## [SOURCE DATA]
——

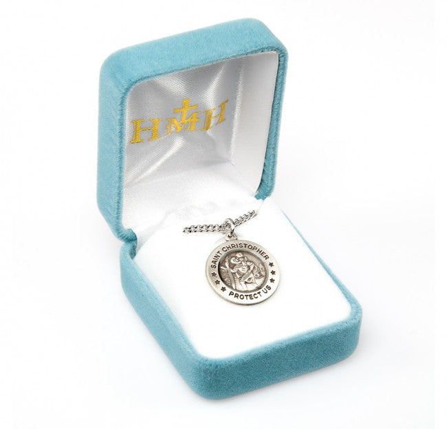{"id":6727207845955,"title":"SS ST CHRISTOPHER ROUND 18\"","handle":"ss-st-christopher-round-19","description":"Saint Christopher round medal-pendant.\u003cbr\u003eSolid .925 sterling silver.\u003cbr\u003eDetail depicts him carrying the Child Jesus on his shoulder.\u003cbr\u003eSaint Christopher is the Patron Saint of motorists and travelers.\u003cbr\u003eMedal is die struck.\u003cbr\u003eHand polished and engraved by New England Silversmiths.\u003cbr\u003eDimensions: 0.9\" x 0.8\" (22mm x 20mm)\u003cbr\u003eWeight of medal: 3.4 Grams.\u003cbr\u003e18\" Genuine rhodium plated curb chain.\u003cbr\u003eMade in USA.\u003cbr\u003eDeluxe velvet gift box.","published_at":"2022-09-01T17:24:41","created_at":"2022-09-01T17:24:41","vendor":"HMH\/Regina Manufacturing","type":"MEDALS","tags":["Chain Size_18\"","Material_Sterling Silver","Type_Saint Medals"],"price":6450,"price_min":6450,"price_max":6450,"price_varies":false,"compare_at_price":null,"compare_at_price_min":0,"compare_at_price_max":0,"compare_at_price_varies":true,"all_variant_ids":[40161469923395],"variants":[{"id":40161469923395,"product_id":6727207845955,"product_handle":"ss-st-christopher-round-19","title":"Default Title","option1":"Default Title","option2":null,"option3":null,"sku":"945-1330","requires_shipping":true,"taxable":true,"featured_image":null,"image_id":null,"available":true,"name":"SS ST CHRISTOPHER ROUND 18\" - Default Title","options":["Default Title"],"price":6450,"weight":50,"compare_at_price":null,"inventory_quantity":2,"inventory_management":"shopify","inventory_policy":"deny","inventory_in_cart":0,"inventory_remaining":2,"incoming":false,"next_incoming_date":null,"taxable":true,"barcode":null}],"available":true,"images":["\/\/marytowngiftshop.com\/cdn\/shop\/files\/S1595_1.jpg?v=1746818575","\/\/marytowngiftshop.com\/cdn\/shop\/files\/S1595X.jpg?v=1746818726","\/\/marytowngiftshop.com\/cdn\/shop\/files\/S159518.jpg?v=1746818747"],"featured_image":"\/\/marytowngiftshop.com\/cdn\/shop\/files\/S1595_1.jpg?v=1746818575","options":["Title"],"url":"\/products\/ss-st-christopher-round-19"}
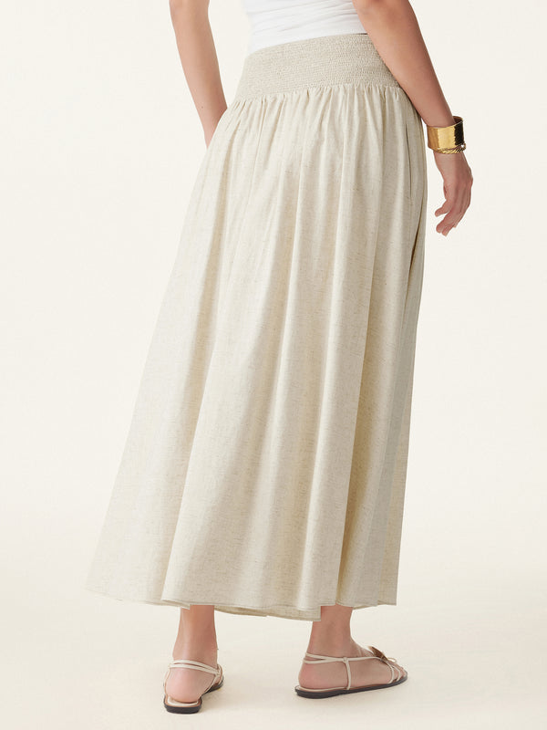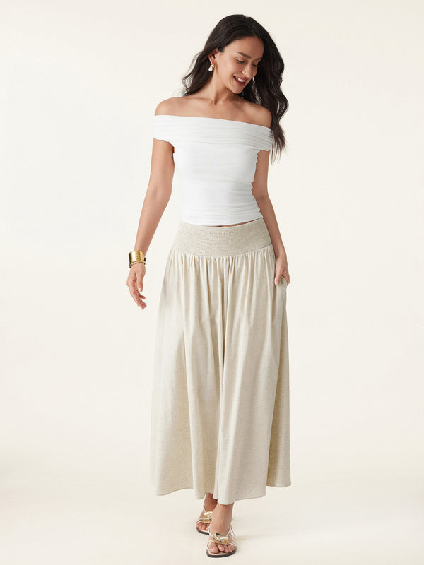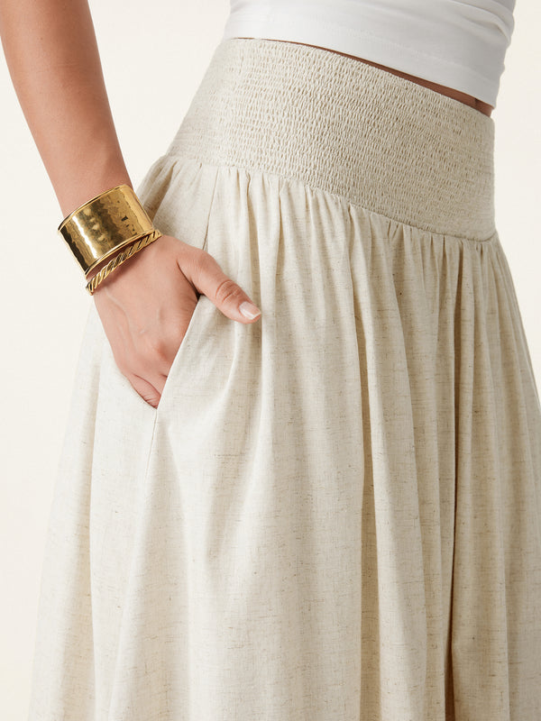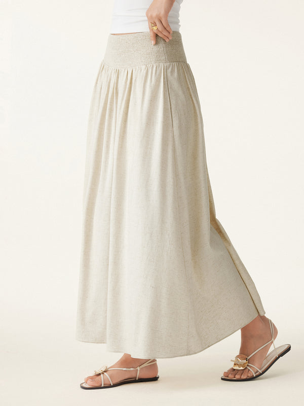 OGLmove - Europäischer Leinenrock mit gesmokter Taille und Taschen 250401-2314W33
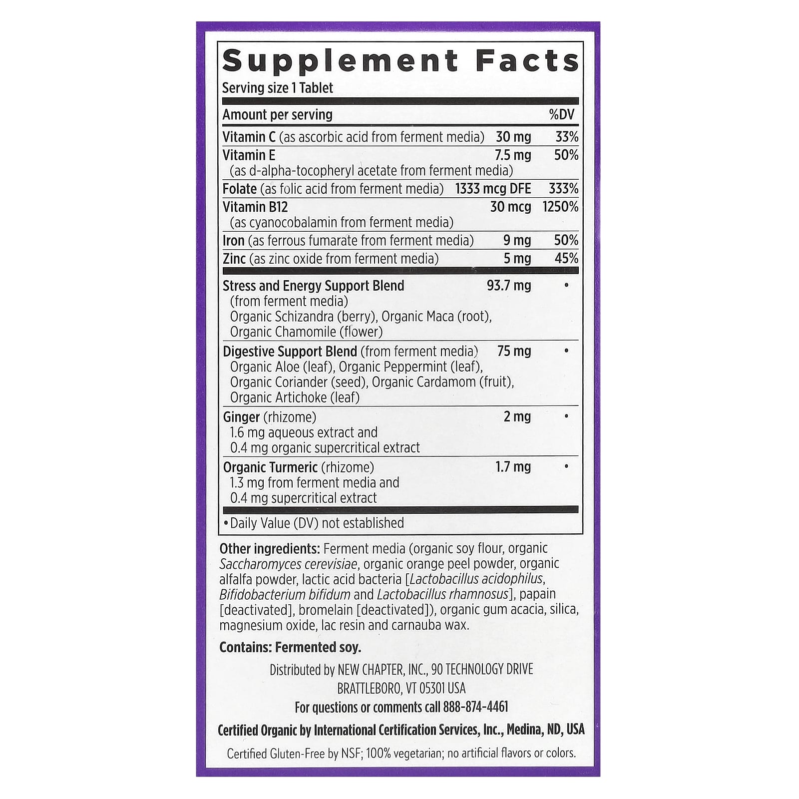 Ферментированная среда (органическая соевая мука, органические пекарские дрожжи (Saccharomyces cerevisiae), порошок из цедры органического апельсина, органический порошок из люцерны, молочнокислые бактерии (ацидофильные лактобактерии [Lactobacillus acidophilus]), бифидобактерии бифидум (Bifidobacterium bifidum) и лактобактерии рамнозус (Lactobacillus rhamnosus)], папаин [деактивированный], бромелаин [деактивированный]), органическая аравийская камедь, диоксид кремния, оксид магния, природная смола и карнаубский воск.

——

## [ASSIGNED TASK]
All of the material goes into the answer exactly as it stands, except for the pictures.

## [TASK SOLUTION]
{"id":6727207845955,"title":"SS ST CHRISTOPHER ROUND 18\"","handle":"ss-st-christopher-round-19","description":"Saint Christopher round medal-pendant.\u003cbr\u003eSolid .925 sterling silver.\u003cbr\u003eDetail depicts him carrying the Child Jesus on his shoulder.\u003cbr\u003eSaint Christopher is the Patron Saint of motorists and travelers.\u003cbr\u003eMedal is die struck.\u003cbr\u003eHand polished and engraved by New England Silversmiths.\u003cbr\u003eDimensions: 0.9\" x 0.8\" (22mm x 20mm)\u003cbr\u003eWeight of medal: 3.4 Grams.\u003cbr\u003e18\" Genuine rhodium plated curb chain.\u003cbr\u003eMade in USA.\u003cbr\u003eDeluxe velvet gift box.","published_at":"2022-09-01T17:24:41","created_at":"2022-09-01T17:24:41","vendor":"HMH\/Regina Manufacturing","type":"MEDALS","tags":["Chain Size_18\"","Material_Sterling Silver","Type_Saint Medals"],"price":6450,"price_min":6450,"price_max":6450,"price_varies":false,"compare_at_price":null,"compare_at_price_min":0,"compare_at_price_max":0,"compare_at_price_varies":true,"all_variant_ids":[40161469923395],"variants":[{"id":40161469923395,"product_id":6727207845955,"product_handle":"ss-st-christopher-round-19","title":"Default Title","option1":"Default Title","option2":null,"option3":null,"sku":"945-1330","requires_shipping":true,"taxable":true,"featured_image":null,"image_id":null,"available":true,"name":"SS ST CHRISTOPHER ROUND 18\" - Default Title","options":["Default Title"],"price":6450,"weight":50,"compare_at_price":null,"inventory_quantity":2,"inventory_management":"shopify","inventory_policy":"deny","inventory_in_cart":0,"inventory_remaining":2,"incoming":false,"next_incoming_date":null,"taxable":true,"barcode":null}],"available":true,"images":["\/\/marytowngiftshop.com\/cdn\/shop\/files\/S1595_1.jpg?v=1746818575","\/\/marytowngiftshop.com\/cdn\/shop\/files\/S1595X.jpg?v=1746818726","\/\/marytowngiftshop.com\/cdn\/shop\/files\/S159518.jpg?v=1746818747"],"featured_image":"\/\/marytowngiftshop.com\/cdn\/shop\/files\/S1595_1.jpg?v=1746818575","options":["Title"],"url":"\/products\/ss-st-christopher-round-19"}
 OGLmove - Europäischer Leinenrock mit gesmokter Taille und Taschen 250401-2314W33
 Ферментированная среда (органическая соевая мука, органические пекарские дрожжи (Saccharomyces cerevisiae), порошок из цедры органического апельсина, органический порошок из люцерны, молочнокислые бактерии (ацидофильные лактобактерии [Lactobacillus acidophilus]), бифидобактерии бифидум (Bifidobacterium bifidum) и лактобактерии рамнозус (Lactobacillus rhamnosus)], папаин [деактивированный], бромелаин [деактивированный]), органическая аравийская камедь, диоксид кремния, оксид магния, природная смола и карнаубский воск.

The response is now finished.